Measuring just 3.6 micrometers long, one of the smallest batteries ever made won’t be powering our electronic devices anytime soon, but it does serve as a self-powered nanomotor that is surprisingly fast and efficient. Ultimately, the nanobattery-based motor could be used as a nanomachine and to transport cargo for biomedical applications.
The researchers, Dr. Ran Liu and Prof. Ayusman Sen from the Department of Chemistry at The Pennsylvania State University, have published their study on the nanobattery-based motor in a recent issue of the Journal of the American Chemical Society ASAP.
The nanobattery consists of a single nanowire with a 3-micrometer-long copper end and a 600-nanometer-long platinum end. When the nanobattery is placed in a diluted solution of oxidant (such as bromine or iodine), the copper end serves as the anode and is oxidized while the platinum end functions as the cathode.
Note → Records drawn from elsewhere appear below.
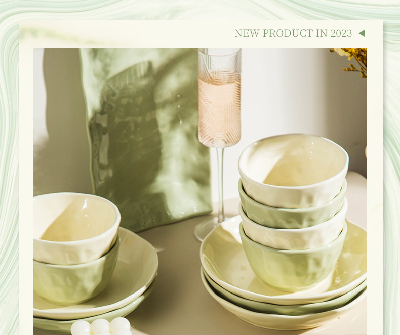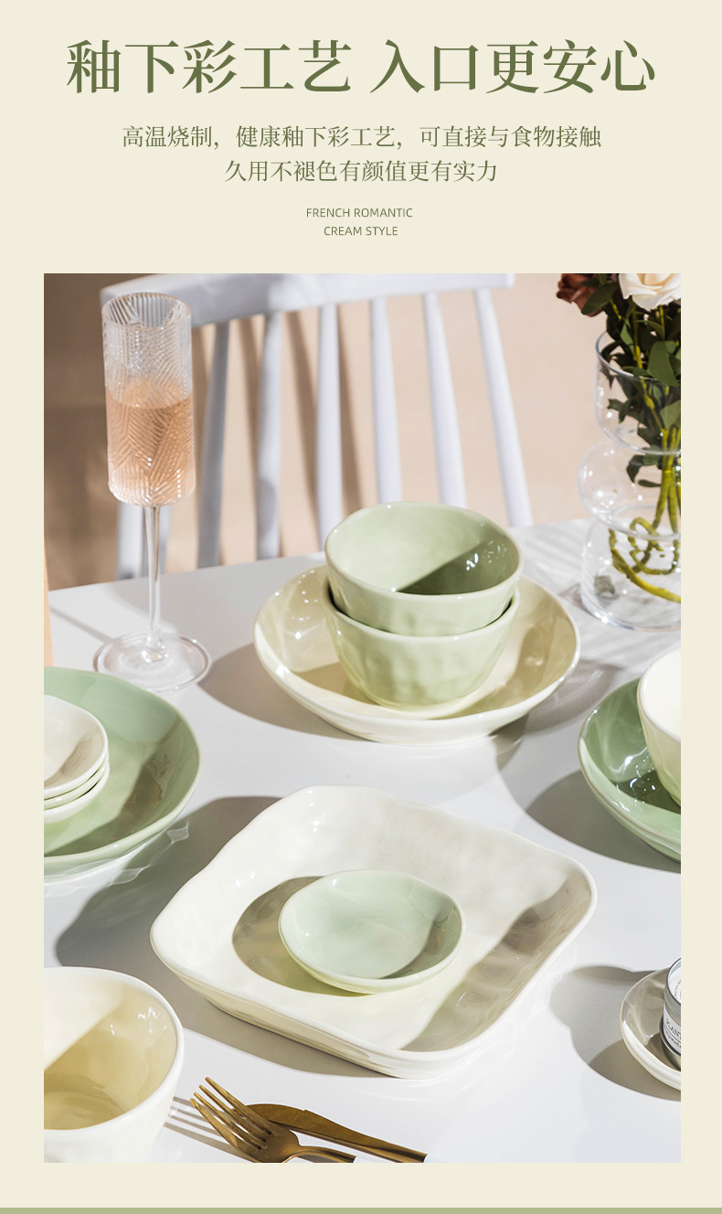 22-piece set with soup bowl [custard creamy green pairs]]
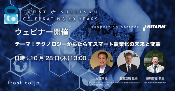 この度、米国に本社を置くビジネスコンサルティング企業フロスト・アンド・サリバン ジャパン株式会社(所在地:東京都港区、代表取締役:ロビン・ジョフィ)(以下、フロスト・アンド・サリバン)は創立60周年を記念したキャンペーンの一環として、「サステナビリティ」をテーマに10月28日(木)13:00(日本時間)よりイスラエル発アグリテック企業ネタフィムとの共同ウェビナー「テクノロジーがもたらすスマート農業化の未来と変革」を実施いたします。
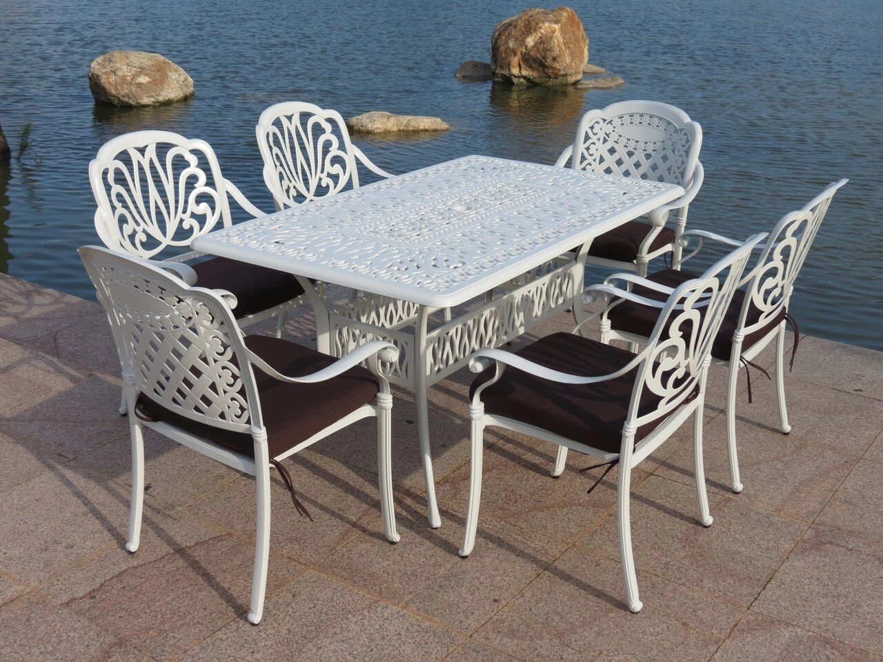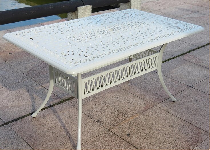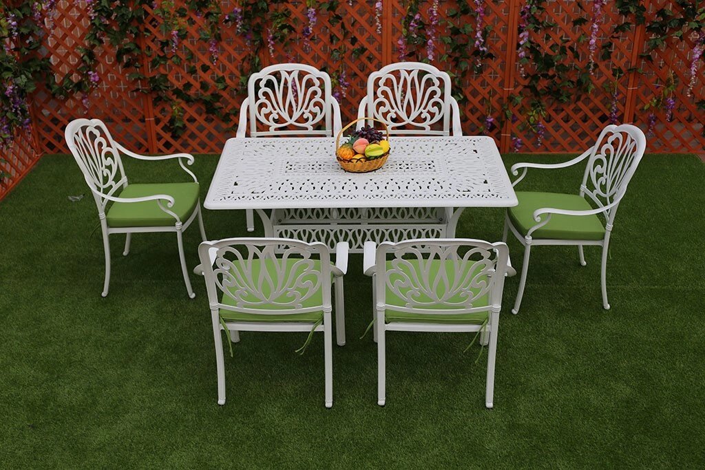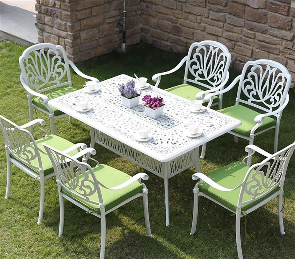 Белая обеденная группа из литого алюминия со столом на 6 персон станет изюминкой садового дизайна, на террасе и в беседке она станет центром всеобщего внимания. Такой металлической мебели не страшны ни дождь, ни снег. Литая группа мебели состоит из прямоугольного стола и 6 кресел с подушками.
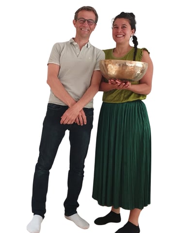 Kusuma Gunawan, Après 15 ans d'expérience dans l'enseignement, elle découvre le pouvoir infini des vibrations sonores, l'art de l'instant présent et de la respiration, elle devient formatrice en thérapie sonore et en méditation au sein de l'association SOUM. . C'est auprès de François, qu'elle a trouvé un puissant allié au grand cœur!
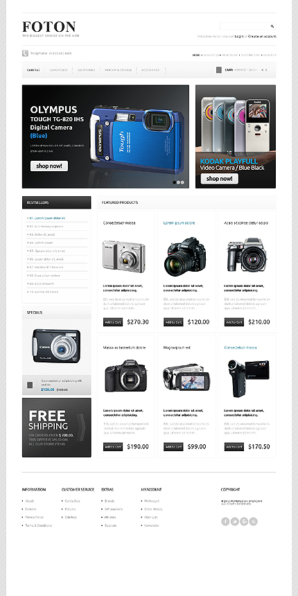 Template Name: Photo Store Item number: 40843 Template Type: OpenCart Author: Sawyer Downloads: 2 OpenCart Engine: 1.5.4.1 OpenCart Compatibility: 1.5.4.1 Sources Available: .PSD;.PNG;.PHP;.TPL;.JS Software Required: Adobe Photoshop CS+;Apache Server;Adobe Dreamweaver 8+ (or any php-editor);For uncompressing a template ZIP package: Wi...
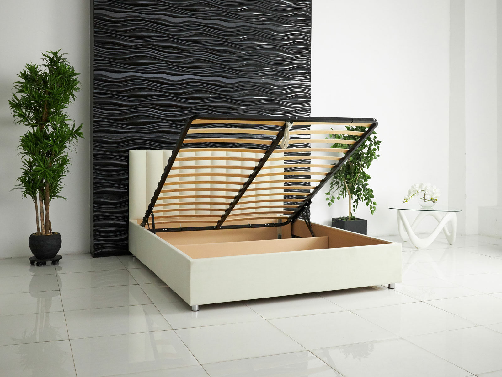 В комплектации с подъемным механизмом кровать имеет вместительный бельевой короб с двумя отделениями.
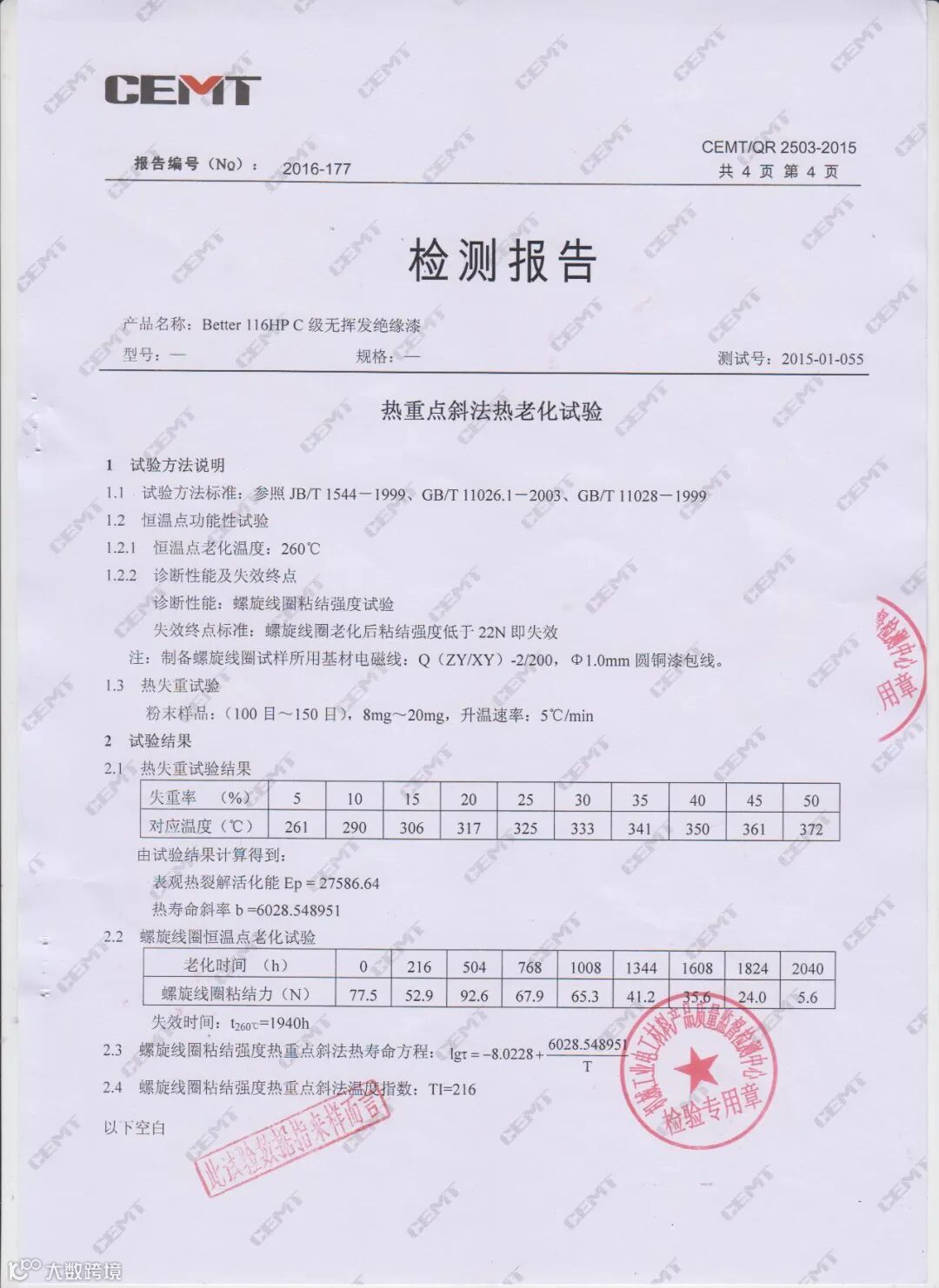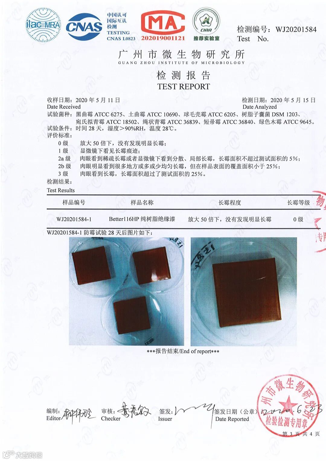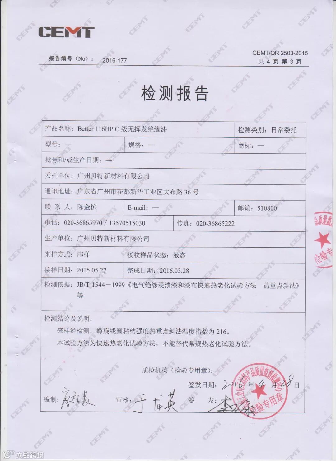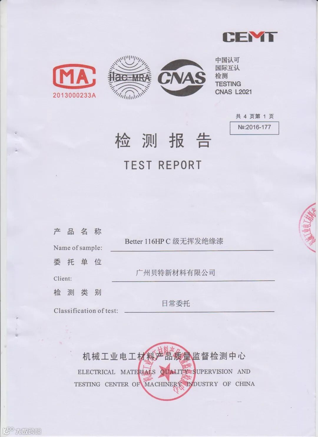 Better 116HU 无挥发绝缘树脂主要由环氧改性聚酯亚胺树脂、引发剂和无挥发活性稀释剂组成,该树脂单组分贮存、性能稳定、固化温度低、固化快,尤其具有无气味、固化挥发份少的特点,是新型的环保绝缘树脂,能满足国家最新的VOC排放要求。耐热等级为200℃。适用于包括新能源汽车电机在内的H、C级电机、电器的真空压力浸漆。

As the nanobattery discharges itself in the solution, the electrophoresis phenomenon kicks in, so that the electric field generated by the battery’s redox reactions causes the battery to move.


http://youtu.be/u-0zeM11xCY
Copper-platinum nanomotors move in an iodine solution (magnified 100x). The copper end of each nanomotor leads, while the brighter platinum end follows. Movement continues until the copper segments are completely converted to copper iodide by the iodine.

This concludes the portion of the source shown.